Sir Walter Scott as a Critic of Literature eBook

Margaret Ball
This eBook from the Gutenberg Project consists of approximately 264 pages of information about Sir Walter Scott as a Critic of Literature.

Sir Walter Scott as a Critic of Literature eBook

Margaret Ball
This eBook from the Gutenberg Project consists of approximately 264 pages of information about Sir Walter Scott as a Critic of Literature.

He has a good deal to say of Ben Jonson, in other places as well as in this Essay on the Drama.[145] He was evidently well acquainted with that poet, and admired him without liking him.  Somewhere he calls him “the dry and dogged Jonson,"[146] and again he speaks of his genius in very high terms.  The contrast between Shakspere and Jonson moved him even to epigram:[147] “In reading Shakespeare we often meet passages so congenial to our nature and feelings that, beautiful as they are, we can hardly help wondering they did not occur to ourselves; in studying Jonson, we have often to marvel how his conceptions could have occurred to any human being.”  It was characteristic of Scott to note the fact that Shakspere wrote rapidly, Jonson slowly, for he was fond of getting support for his theory that rapid writing is the better.

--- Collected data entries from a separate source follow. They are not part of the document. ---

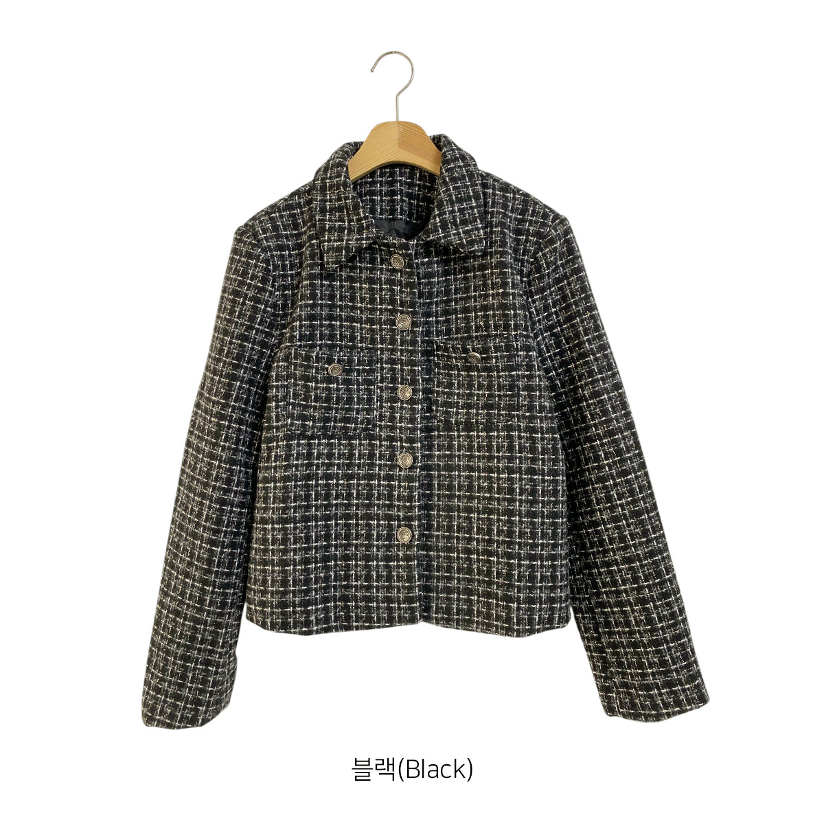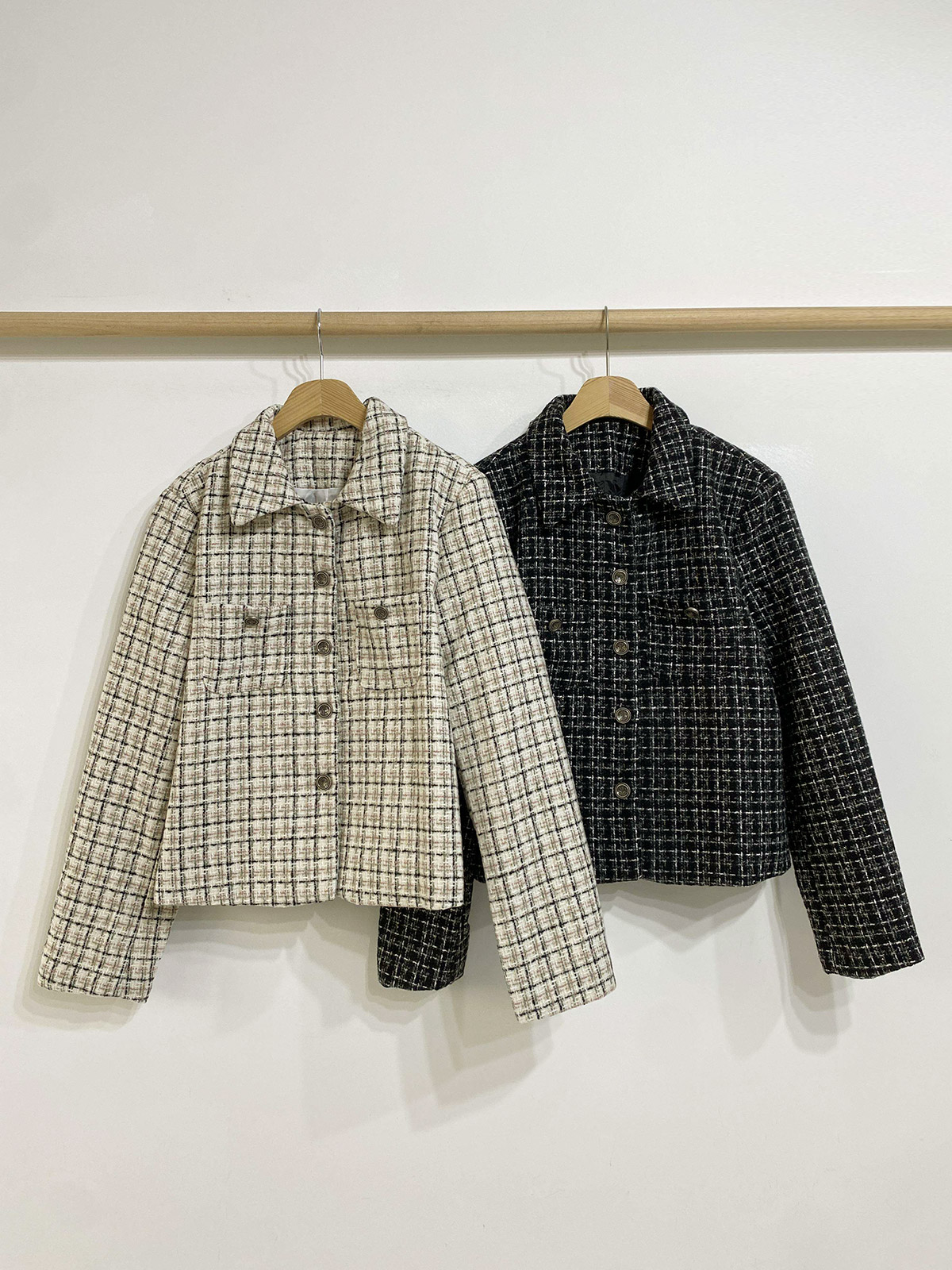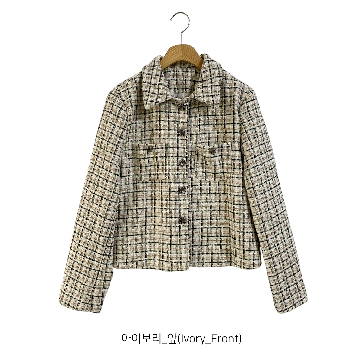 JK6066K59-처르비 버튼 체크 트위드 자켓
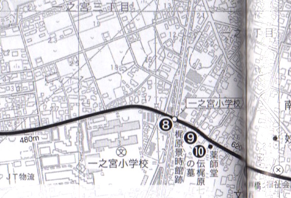 地図(9)の梶原景時館址です。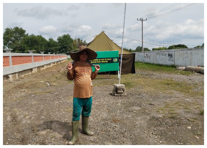 Ia tampak membawa peralatan sederhana seperti sapu dan cangkul untuk membersihkan area sekitar posko. Dengan penuh semangat, ia menyapu halaman dan membantu mengangkat sampah ke tempat pembuangan.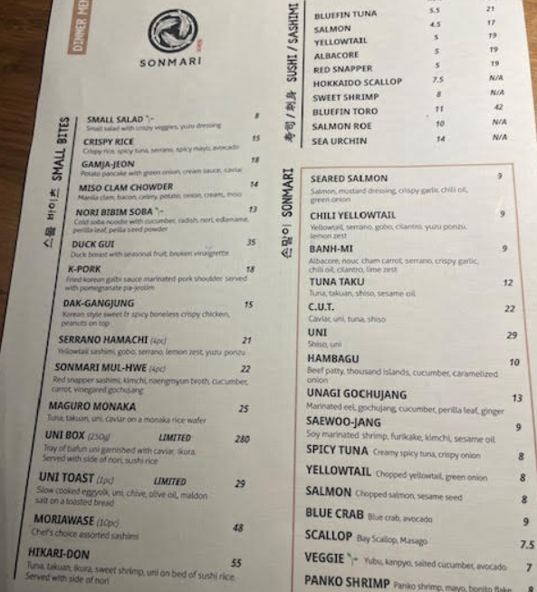 캐비아를 곁들인 바삭한 감자전과 깊은 풍미의 함바고 핸드롤. 한국적 식재료와 일식 테크닉이 만난 손말이만의 독창적인 메뉴들.[사진 스시뉴스LA]감자전은 옆에 크림소스를 캐비아와 같이 먹을 수 있는 퓨전 요리로 인기를 끌고 있고, 노리 비빔 소바와 미소 클램 차우더 등 한국 음식과 서양 음식의 장점을 합친 각종 퓨전 메뉴들이 갖춰져 있다. 특히 미소 국물로 만든 클램 차우더는 뉴잉글랜드 클램 차우더 맛을 미소 국물을 통해 신기하게 요리해 냈다. 노리 비빔 소바는 오이, 무, 에다마메 등 익숙한 재료들과 비벼서 만든 소바 국수로 전혀 양이 적지 않아서 3명이 2개를 시켜서 충분히 먹을 수 있었다.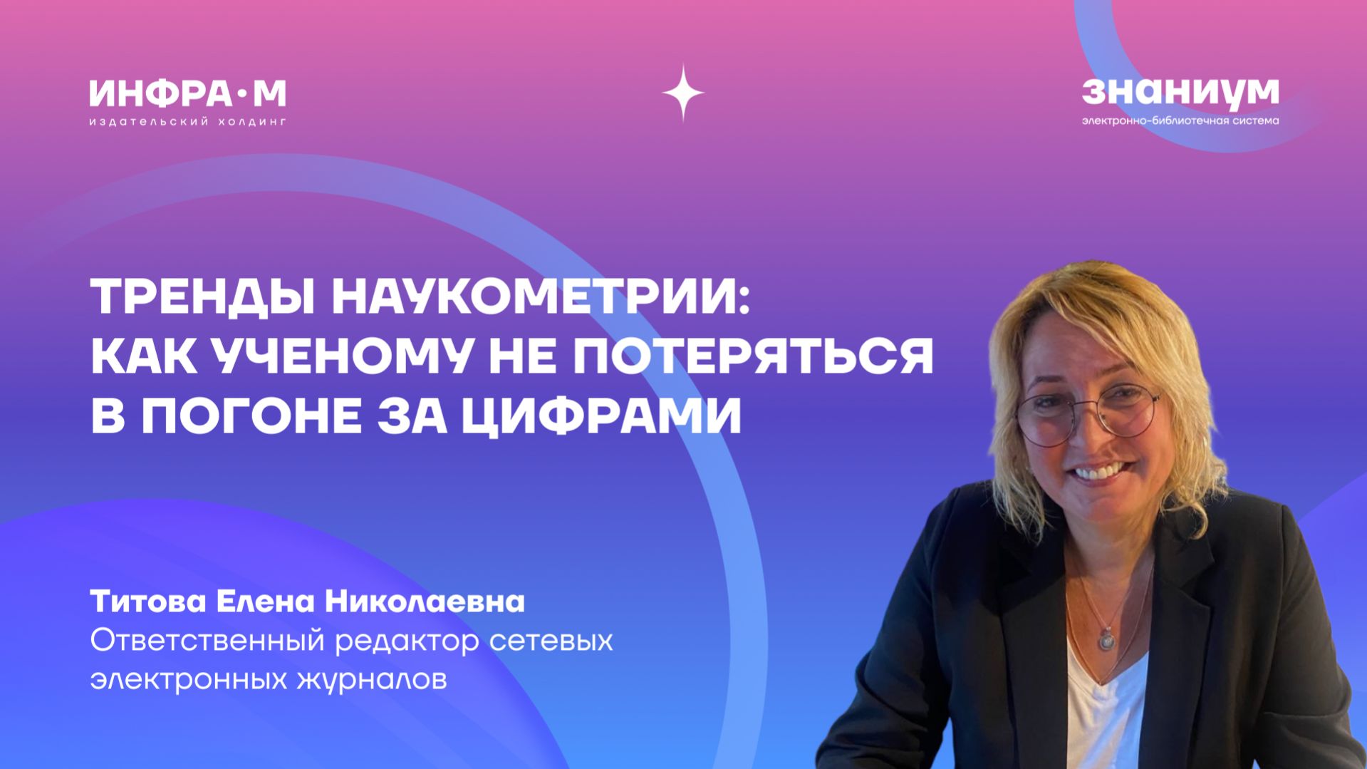 👨🏼💻 Спикер: Титова Елена Николаевна, ответственный редактор сетевых электронных журналов 💡 Мир научных показателей меняется: одни метрики уходят, другие становятся «золотым стандартом». Можно ли управлять своими наукометрическими показателями или это лотерея? На вебинаре мы не просто перечислим показатели, а проведем критический анализ текущей ситуации. Разберем, что на самом деле важно для ученого сегодня, и дадим прогноз на будущее, чтобы вы могли выстроить долгосрочную стратегию развития. Ключевые точки вебинара: 🔹 карта показателей: где смотреть актуальные данные и как их правильно интерпретировать; 🔹 тренды: плюсы и минусы современных подходов к оценке научной деятельности; 🔹 личная стратегия: методика управления своими показателями без накруток и рисков; 🔹 ресурс: как холдинг ИНФРА-М помогает авторам работать над научным рейтингом. 🎬 Смотрите другие наши вебинары ⇢ https://www.youtube.com/playlist?list=PLi2KS7pzBHJVRV.. 🖥 Библиотека электронной литературы ⇢ https://znanium.com/ 📚 Магазин печатных книг ⇢ https://infra-m.ru/ ✅ Подписывайся на наши соцсети и будь в курсе всех новостей и обновлений: YouTube ⇢ https://www.youtube.com/@ebs_znanium RuTube ⇢ https://rutube.ru/channel/24802820/ Telegram-канал ⇢ https://t.me/infra_znanium Мы в Одноклассниках ⇢ https://ok.ru/profile/586134824940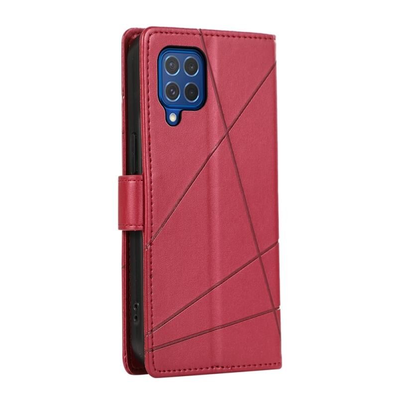 Θήκη τηλεφώνου Samsung Galaxy M62 από γνήσιο δέρμα PU με ανάγλυφη υφή και λεπτομέρειες γραμμής (Μαύρο)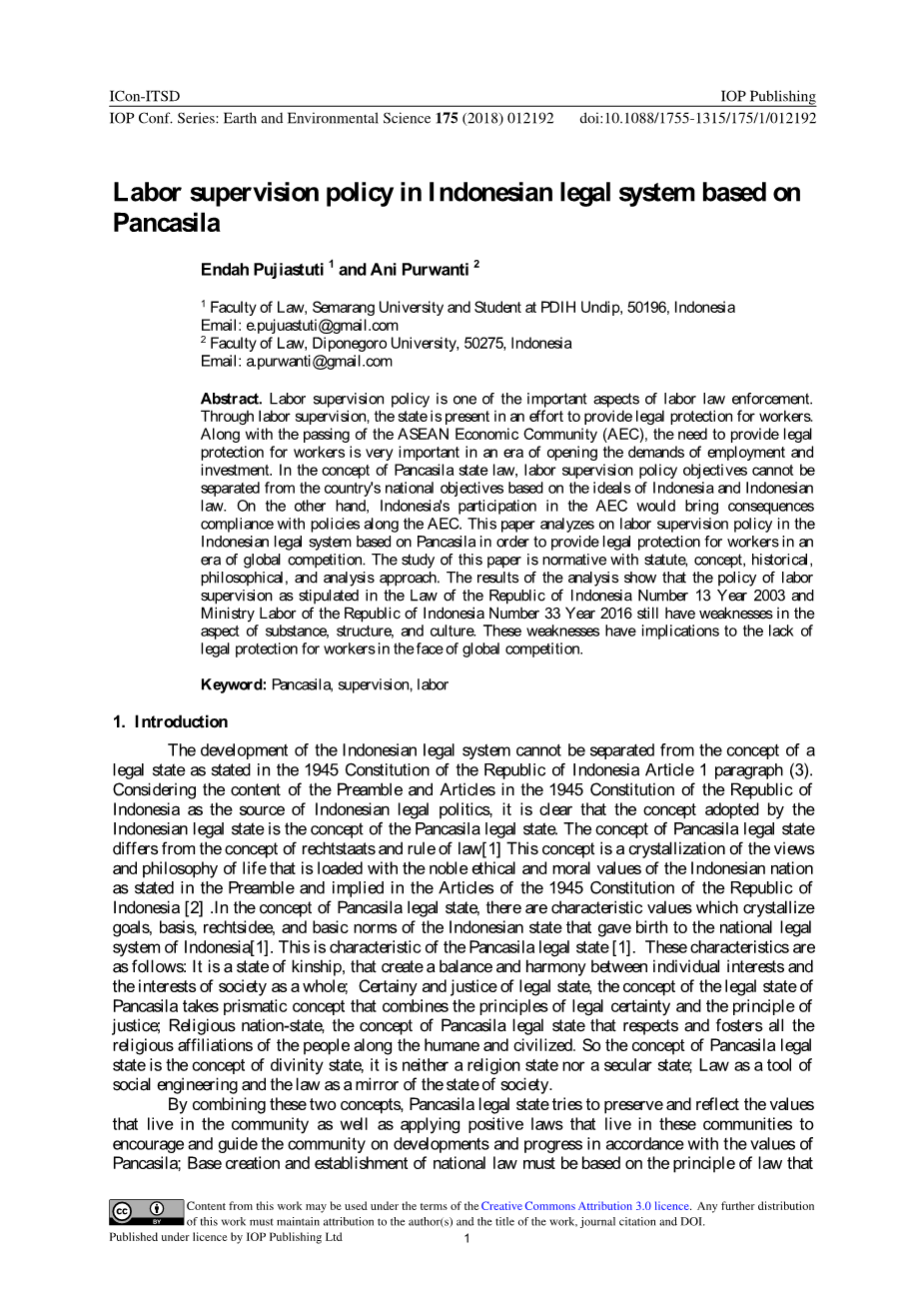 监督是法治的一个重要方面,甚至成为为避免滥用权力而必须存在的支柱之一。正如胡森颂所引用的卡尔·洛温斯坦。所述,这种监督方面是法治和民主概念中的一个基本要素(胡森颂,2005)。基于法律国家的概念,劳动监督政策不能脱离以潘卡西拉为基础的印度尼西亚法律制度的发展背景。确实有必要进行劳动监督,以确保符合工人和雇主利益的就业政策的实施,并为工人提供保护,鼓励企业业绩,改善整个社会的福利。这些问题将变得毫无意义,因为工作规范中的实质性监管以及监督的结构和文化方面存在缺陷。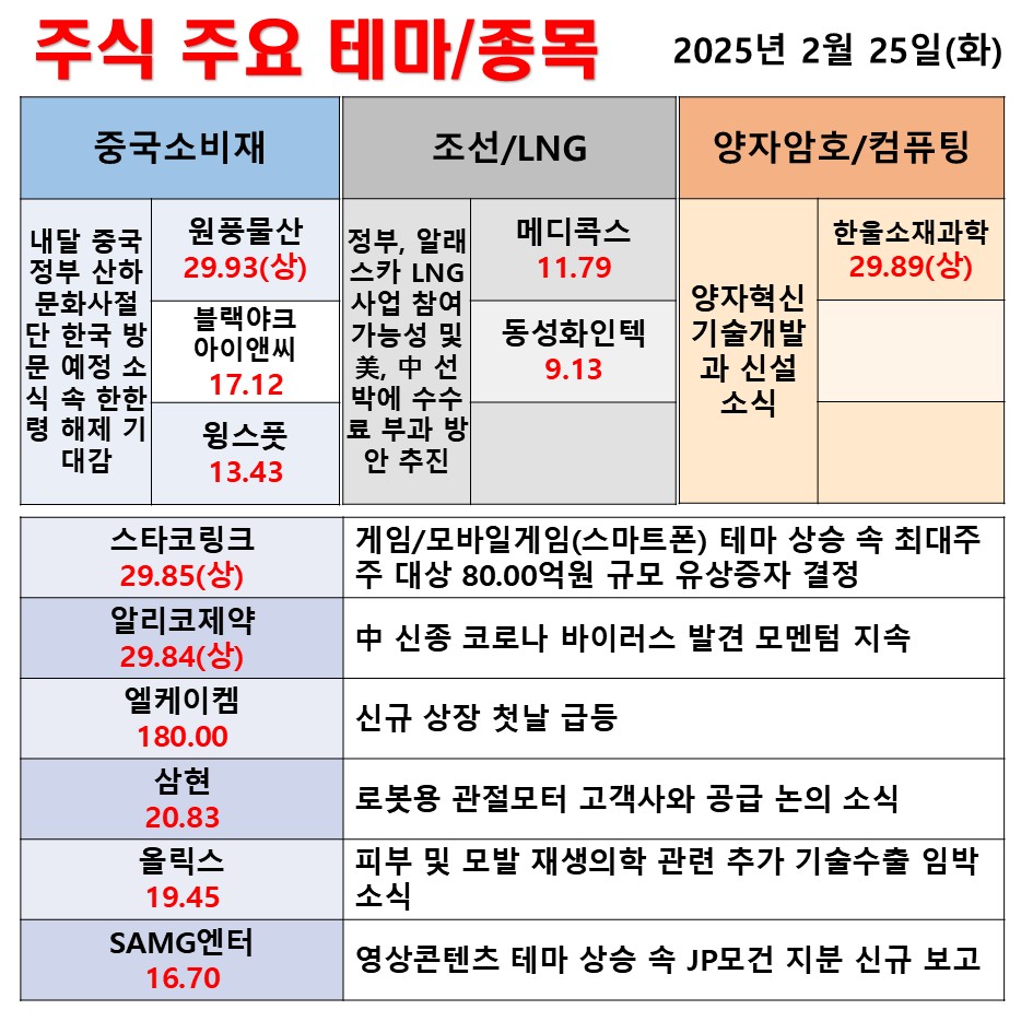 2월 25일(화) 일일 동향 중국소비재 조선/LNG 양자암호/컴퓨팅 #테마 #상한가 #주식 #투자

As early as 1804 Scott referred to The Changeling as “an old play which contains some passages horribly striking,"[148] and in so doing voiced, as Mr. Swinburne says, “the first word of modern tribute to the tragic genius of Thomas Middleton."[149] Scott also praised Massinger highly, especially for his strength in characterization, and once called him “the most gentleman-like of all the old English dramatists."[150] He discussed Beaumont and Fletcher sympathetically, for he knew them well and frequently quoted from them.  He named Shirley, Ford, Webster, and Dekker in a group, and spoke of the singular profusion of talents devoted in this period to the writing of plays, an observation which is made more explicitly later in the Journal, when he has just been reading an old play which, he says, “worthless in the extreme, is, like many of the plays in the beginning of the seventeenth century, written to a good tune.  The dramatic poets of that time seem to have possessed as joint-stock a highly poetical and abstract tone of language, so that the worst of them often remind you of the very best."[151] This circumstance he accounts for by a reference to the audiences, and this in turn he seems to ascribe partly to the great number of theaters then open in London.  He dwells so much on the evils of limiting the number of play-houses to two or three, that we may fairly consider it one of his hobbies, and it is possible that he had some slight influence toward increasing that public opposition to the theatrical monopoly which finally, in 1843, resulted in the nullification of the patents.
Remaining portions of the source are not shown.